Никакого ответа. Патрик посмотрел на руки доктора: неужели они способны причинить вред маленькому ребенку?

— Возможно, этому есть какое-то объяснение, — заговорил Мартин намеренно мягким тоном. — Я хочу сказать, что способен это понять — порой у человека может лопнуть терпение. У вас, докторов, многочасовая работа, вы устаете и испытываете стрессы. К тому же Сара была нелегким ребенком, а когда к этому добавляется еще и малыш, тут уж любой может не выдержать. Столько поводов для раздражения, которому надо дать какой-то выход! Все мы ведь только люди. И возможно, есть объяснение тому, почему прекратились обращения по поводу «несчастных случаев», после того как вы переехали во Фьельбаку. Уход за садом, меньше стрессов на службе. Вероятно, стало как-то полегче. Давать выход раздражению уже не было необходимости.

— Вы ничего не знаете обо мне и моей жизни. И нечего выдумывать то, чего не знаете! — неожиданно резко вскинулся Никлас и снова уперся взглядом в столешницу. — Я не собираюсь обсуждать с вами это, так что не пытайтесь применять ко мне ваши психологические подходы!

— То есть вы хотите сказать, что не будете давать по этому поводу никаких комментариев? — спросил Патрик, помахивая пачкой выписок из медицинских карточек.

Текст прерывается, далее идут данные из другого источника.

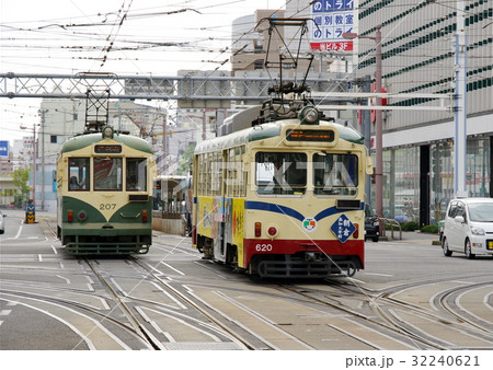 松山の路面電車 平面交差をする路面電車と郊外電車 伊予鉄道 大手町駅 松山市 愛媛県
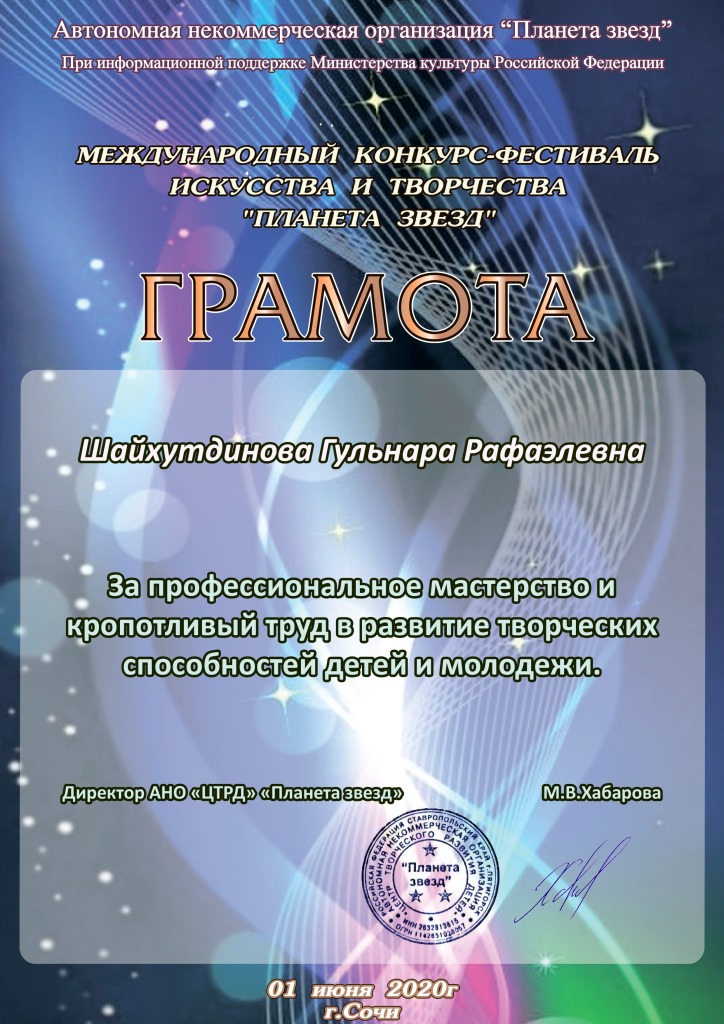 Международный фестиваль искусства и творчества "Планета звёзд" - Благодарность Шайхутдиновой Г.Р.;
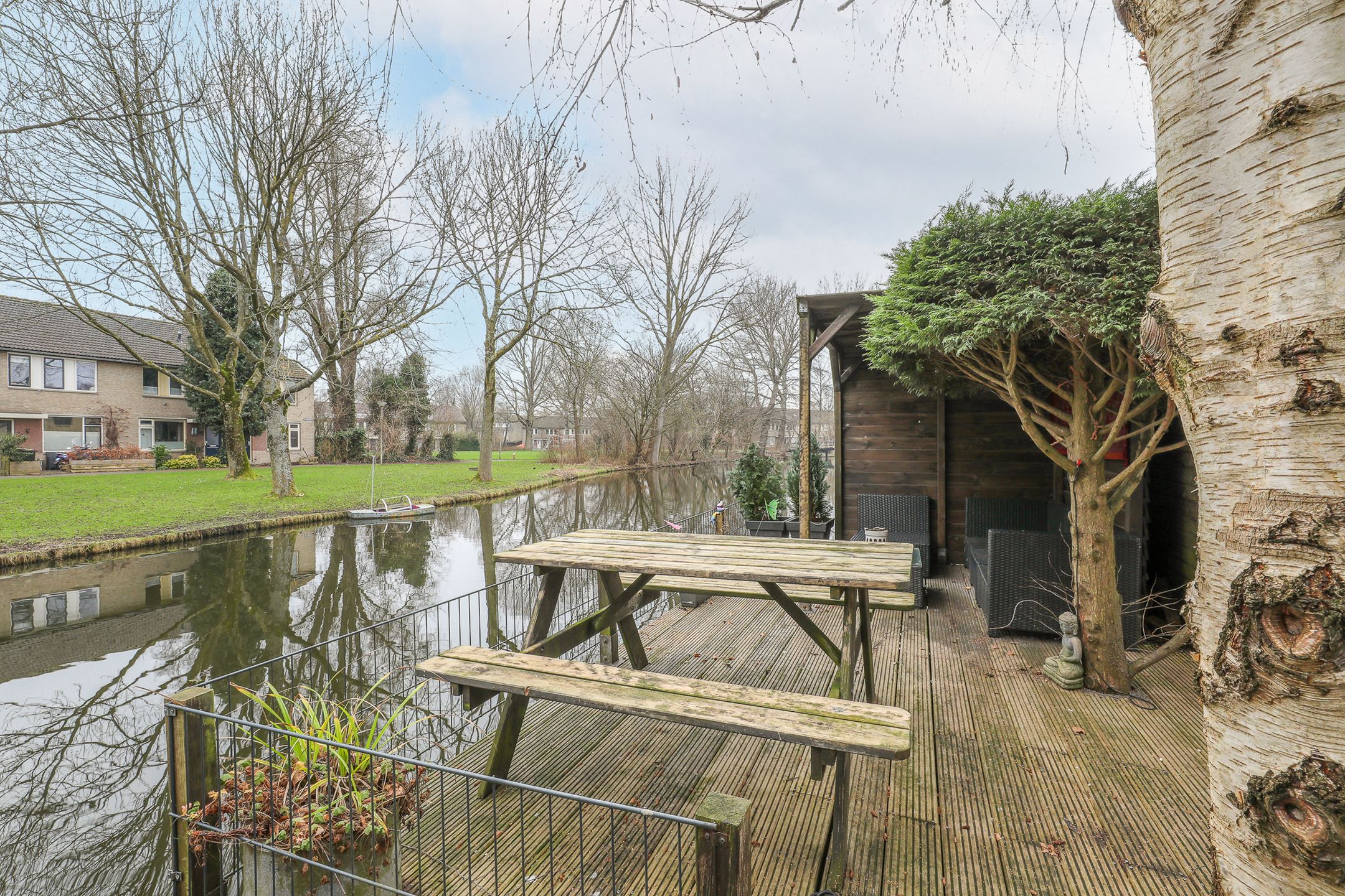 • Zonnige tuin aan het water

— Нет. Я уже сказал, что не буду, — ответил Никлас и упрямо уставился в столешницу.

— Вы понимаете, что мы должны передать эти данные в социальную службу? — спросил Патрик и, перегнувшись через стол, приблизил свое лицо к Никласу.

В ответ снова только подрагивание губ.

— Делайте, что вам положено, — произнес Никлас хриплым голосом. — Вы хотите задержать меня или я могу идти?

Патрик встал:

— Вы можете идти. Но у нас еще будут к вам вопросы.

Он проводил Никласа к выходу из участка, и они расстались, не сделав даже попытки пожать друг другу руки.

Потом Патрик вернулся в комнату для допросов, где его ждал Мартин.

— Что ты думаешь об этом? — спросил тот.

— Совершенно не знаю, что и думать. Начать с того, что я ожидал более бурной реакции.

— Да. Впечатление такое, словно он наглухо замкнулся в себе. Но думаю, что так может выражаться горе, которое он переживает. По твоим рассказам, он так набросился на работу, словно у него ничего не случилось, а кроме того, дома он должен был оставаться сильным, когда сломалась Шарлотта. Если она как-то держится, то его, может быть, наоборот, только сейчас настигло горе. То есть я хочу сказать, что мы не должны исходить из того, что он что-то такое сделал, несмотря на его странное поведение. Обстоятельства как-никак необычные.